Research Seminar: Carolyn Fischer

Title: "Rate-Based Emissions Trading with Overlapping Policies: Insights from Theory and an Application to China"

  • Date: 03 September 2024 from 12:00 to 13:15

  • Event location: Piazza Scaravilli, 1 + Microsoft Teams Meeting

Abstract

Jurisdictions that rely on emissions trading to control emissions often utilize other environmental or energy policies as well, including policies to support renewable energy and reduce energy consumption. Overlapping policies produce economic interactions that can lead to quite different outcomes from what one might predict examining individual policies separately. Prior literature on policy interactions has primarily focused on cap-and-trade (CAT) systems, where aggregate emissions are fixed by regulation but emissions prices respond. However, jurisdictions are increasingly turning to alternative forms of emissions markets, including a range of rate-based emissions trading systems, in which both emissions quantities and prices are flexible and the significance of policy interactions is less understood.

This paper extends the literature by considering the implications under a range of ETSs—not only CAT but also several forms of tradable performance standards (TPSs)—of a variety of overlapping policies, including subsidies to renewables and taxes on electricity. An analytical model stylized on the electricity sector demonstrates that an overlapping subsidy to renewable energy drives down emission prices and expands output under all types of ETS, but emissions outcomes differ with TPSs—emissions increase with renewable subsidies under a uniform, sector-wide TPS but decrease when the TPS only covers emitters, excluding clean sources from receiving tradable credits. Taxing electricity consumption reduces emission prices and total output under all ETS types and reduces emissions under all TPSs. With CAT, adding an overlapping renewables subsidy or electricity consumption tax has efficiency costs. Under certain TPSs, however, these measures can reduce distortions and enhance cost-effectiveness.

A numerical general equilibrium model offers quantitative assessments of the impacts of overlaps on emissions, production, prices, and costs, under China’s planned ETS and alternative designs. China’s current policy overlaps reduce the cost per ton of abatement of its differentiated TPS by 20-30%; optimizing renewable portfolio standards could further reduce costs by 10%, and transitioning to uniform benchmarks for emitting power generators could save another 10-15%. Still, CAT without overlapping policies would be most cost-effective.

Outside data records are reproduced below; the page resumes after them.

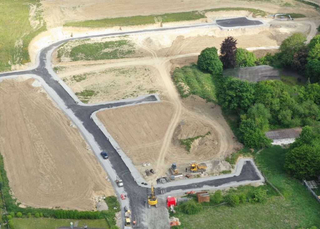 Eine Luftbildaufnahme des Baugebiets am Kapellenberg während der Erschließungsarbeiten 2025 +++ Foto: Stadt Büren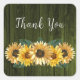 Sticker Carré Merci de Mariage de tournesol vert rustique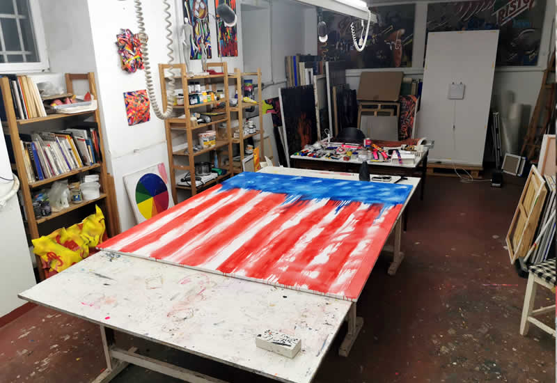 Die im Hintergrund aufgelösten Stars and Stripes verweisen auf eine kollektive Erinnerung, deren Konturen zunehmend verschwimmen. Tropfende Farbschichten und harte Kontraste erzeugen eine Ästhetik des Zerfalls, in der sich Bild und Bedeutung gleichermaßen verflüssigen.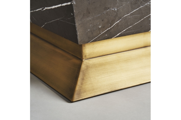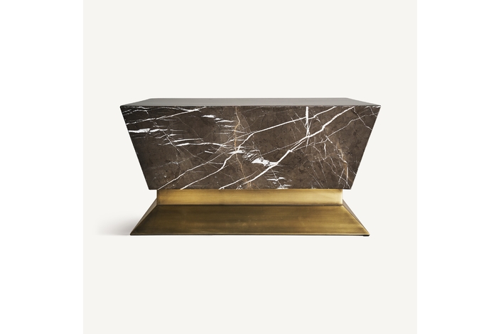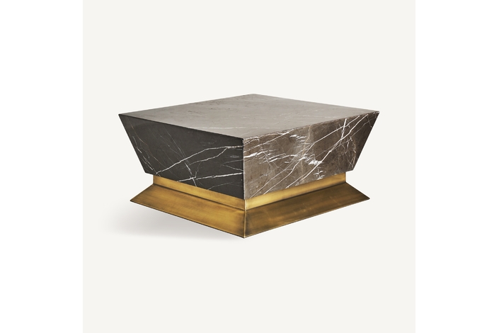 Mesa de centro rotz, en color negro/oro, de estilo art deco. Fabricado en mármol, combinado con hierro.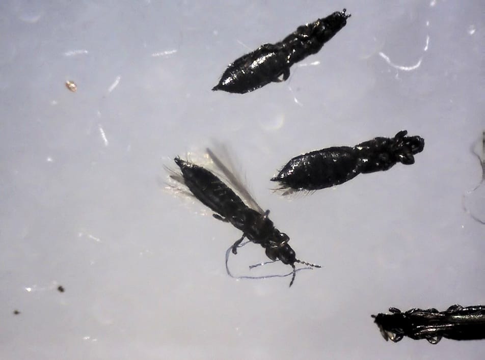Трипсы отличаются от других насекомых-паразитов особенностями своего внешнего вида. На фото можно увидеть отличительные характеристики вредителя: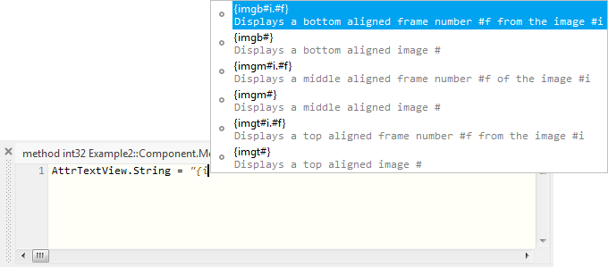 When you enter a string literal in the Code Editor, the integrated Assistant window displays a list with the available attributes as soon as you have entered the { (curly brace) sign. Thereupon you can select the desired attribute in a convenient manner. To use this feature also when editing initialization expressions in the Inspector window, you can link the Inspector to Code Editor. The following figure demonstrates the mentioned Assistant while entering some string literal in the Code Editor: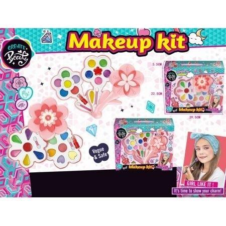 Zestaw do makijażu. Jest to zestaw kosmetyków schowany i uporządkowany w paletce w kształcie kwiatuszka.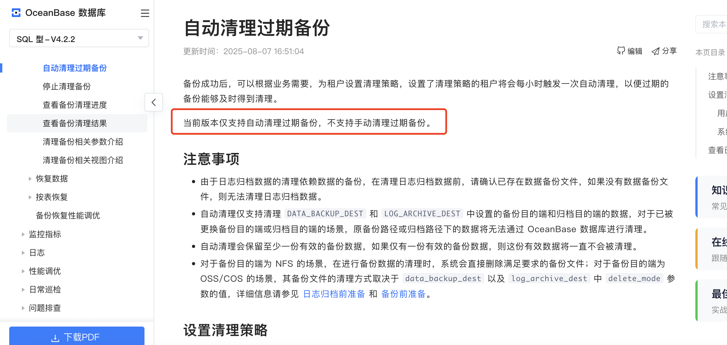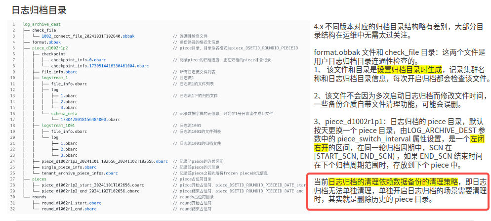 2、是否可用高版本的这个方式呢?“将自动清理策略配置为 log_only 的方式来实现日志归档 Piece 的清理。”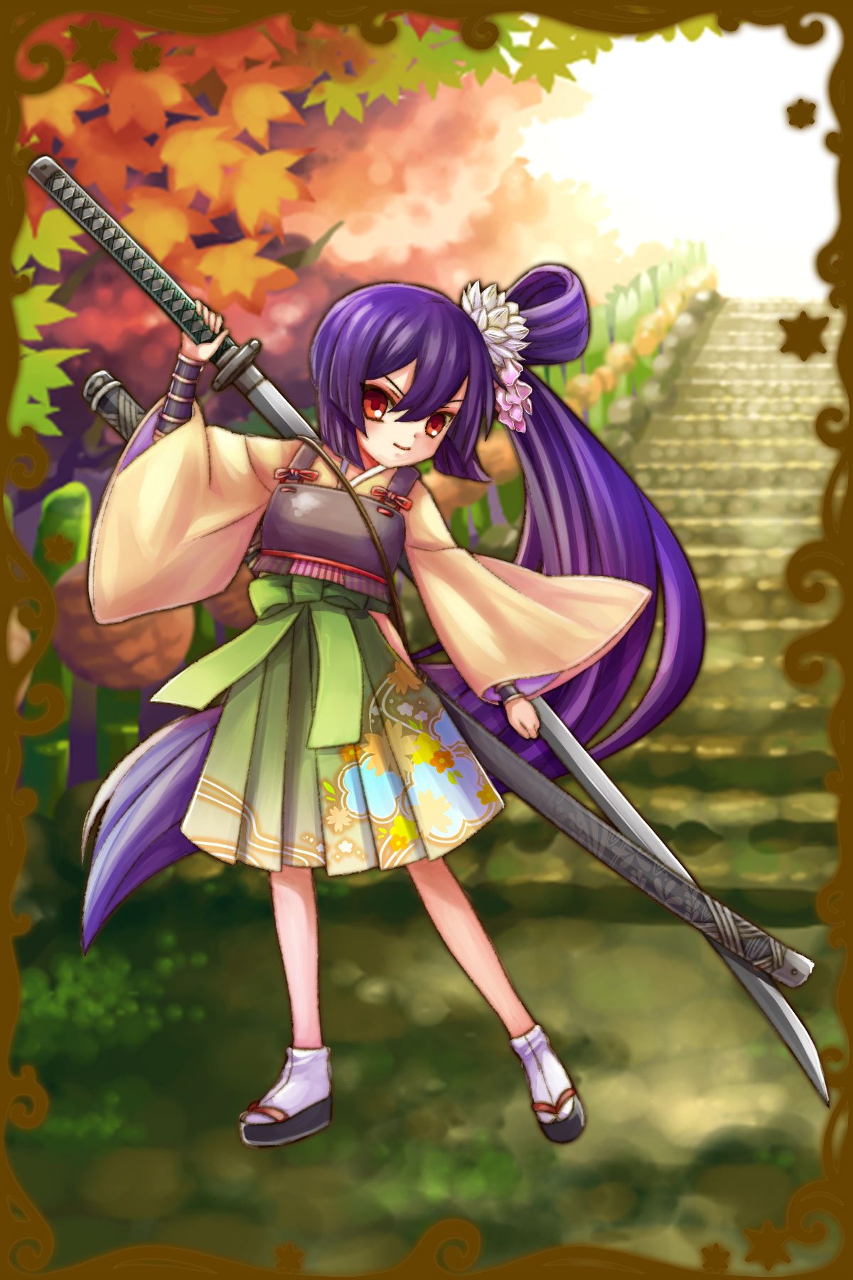 - 初期状態 :礼儀正しく正義感の強い女神で、小さな身体で振るう武器は身の丈はある大太刀。小さいことを気にしており、身長のことに触れると激怒する。男兄弟の中で育ったため、一人称が男の子のようになっているが本人は気にしていない。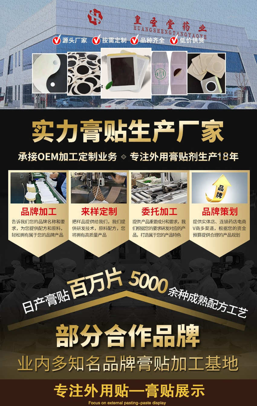 OEM代加工特點(diǎn)OEM.自主品牌加工只需要告訴我們您的品牌名稱,輕松擁有專屬黑膏藥品牌,還可以來料黑膏藥加工,包裝加工,來樣加工,來配方加工。
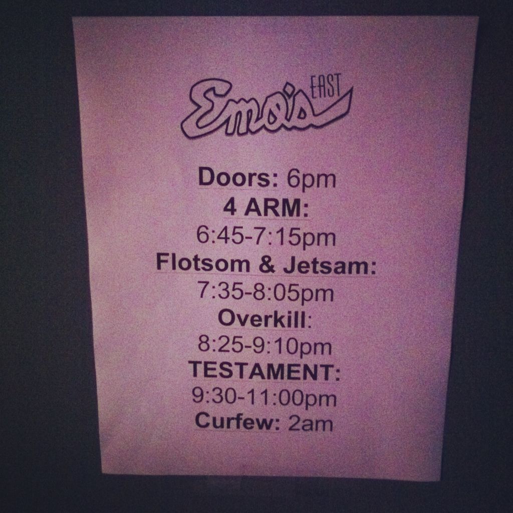 Not too long ago it was announced that Testament, Overkill, Flotsam and Jetsam, and 4arm were coming to Emo’s. What a lineup! I bought a ticket as soon as they went on sale.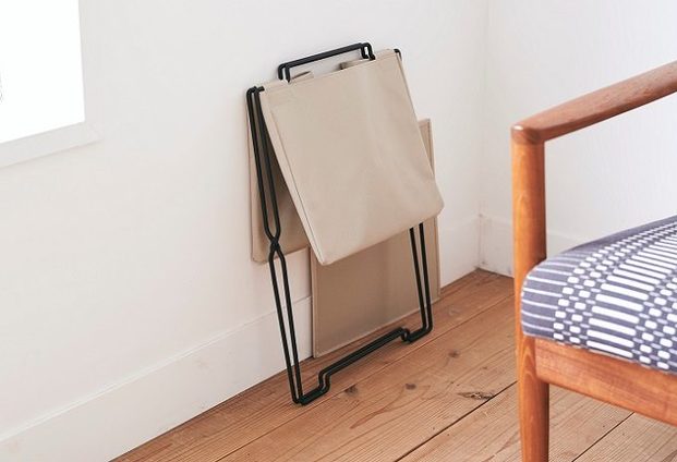 スタンドを広げた内側にもボックスのような収納部分があり、ティッシュボックスやスプレーボトルなど、面積のあるものを入れることも可能。スチール製で軽く、ものを入れたまま楽々持ち運べます。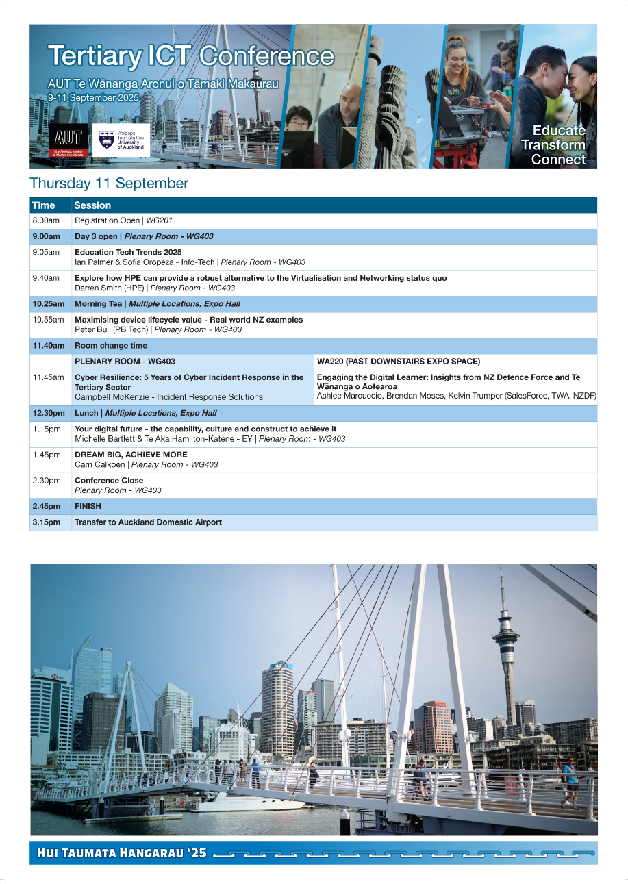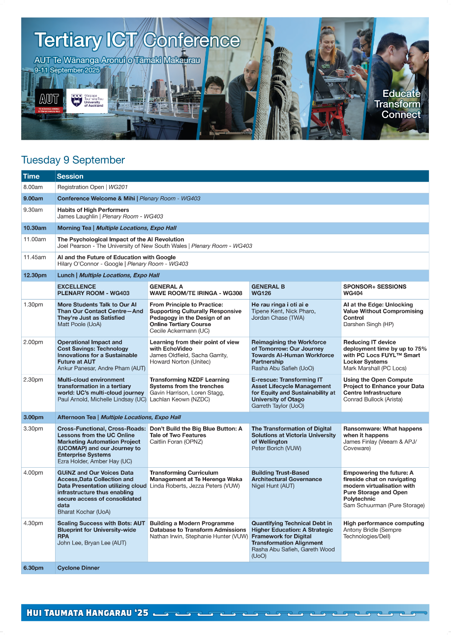 While we’re working on the programme for Tertiary ICT Conference 2026, the 2025 programme is available below and provides a helpful guide to the overall structure, flow, and timing of the conference.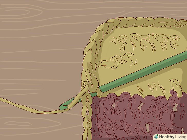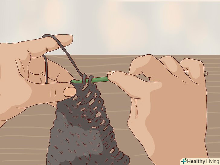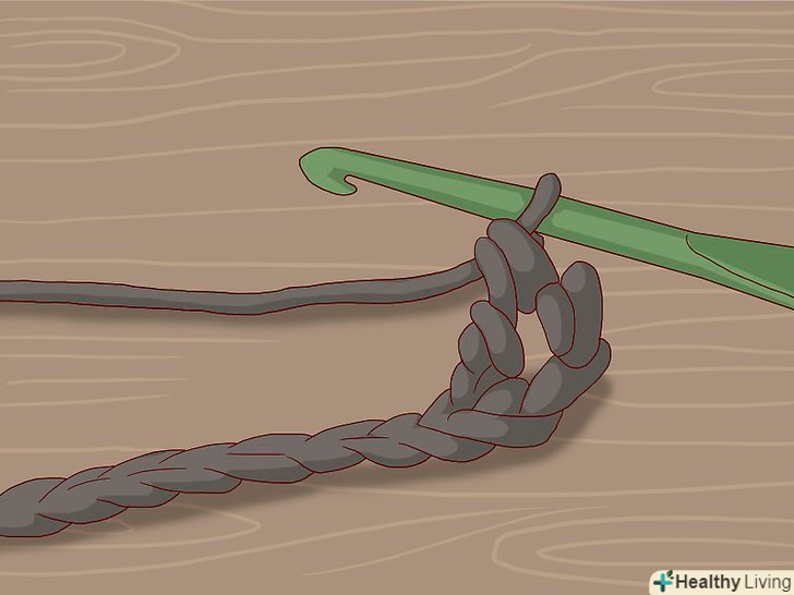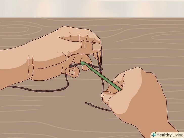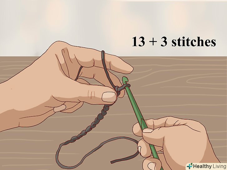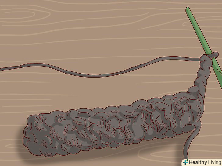 Наберіть ланцюжок з 13+3 повітряних петель. щоб зв'язати ланцюжок з повітряних петель , накиньте робочий кінець пряжі на гачок перед ковзаючим вузлом, а потім витягніть петлю пряжі через ковзний вузол – це і буде ваша перша повітряна петля. Наберіть 13 таких же петель і ще 3, щоб в цілому вийшло 16 повітряних петель. [3]- Додаткові три повітряні петлі-це петлі підйому. Петлі підйому дають трохи місця, щоб можна було розгорнути в'язання і почати новий ряд. Поки ви не закінчите шарф, вам потрібно буде в'язати по 3 петлі підйому для кожного нового ряду.

Overlapping renewable portfolio standards serve two goals: offsetting some distortions from differentiated benchmarks, especially those excluding renewables, and implicitly taxing electricity. Both that and indirect emissions pricing improve price pass-through in rate-based systems. Portfolio standards also achieve renewable targets in a self-adjusting manner, so as not to over-correct when changing to an ETS design that gives adequate incentives for clean producers. Our findings highlight the need to consider the choice of ETS and overlapping policies together when undertaking reforms.